Total enrollment was 1,480 students in 2017, and the student/teacher ratio was 28:1.

==Sports==
The school's main rival is Bisbee High School. "The Copper Pick", as the football series between the schools is known, has been played 140 times, with Douglas leading the series 75–57–8.

The Bulldogs won the class 4A football championship in 1957 (both "mythical" or non-playoff titles), and 1961. In 1946, they did not win the state championship, in part because they were forced to forfeit several games due to rules violations, but they did almost force a playoff game with Mesa for the title.
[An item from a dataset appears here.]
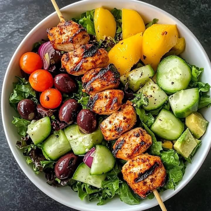 This Garlic Chicken Skewer Salad is a perfect combination of juicy, garlicky grilled chicken skewers paired with a fresh, crunchy, and colorful salad. It’s packed with protein, fiber, and essential nutrients, making it a wholesome and satisfying meal. The marinated chicken is grilled to perfection, giving it a smoky and slightly charred flavor that complements the crisp vegetables and creamy dressing.

The Bulldogs won the class 4A basketball championship in 1932.

The Douglas Bulldogs were once home to Kenny Cormier, 2004 Foot Locker Nationals Cross Country Champion.

The Douglas Bulldogs had two state champions in Track & Field in 2011. Melissa Castillo won the girls triple jump, while Alfonso Mejia won the boys 300-intermediate hurdles.

==Notable alumni==
- Bill Melendez: José Cuauhtémoc "Bill" Melendez (1916–2008), was a director, animator, and cartoonist. He was known for his work with the Peanuts specials, where he also performed the voice effects of Snoopy, and for his work with several Disney projects. His other works included two Garfield specials. He won several Emmy awards and numerous other awards.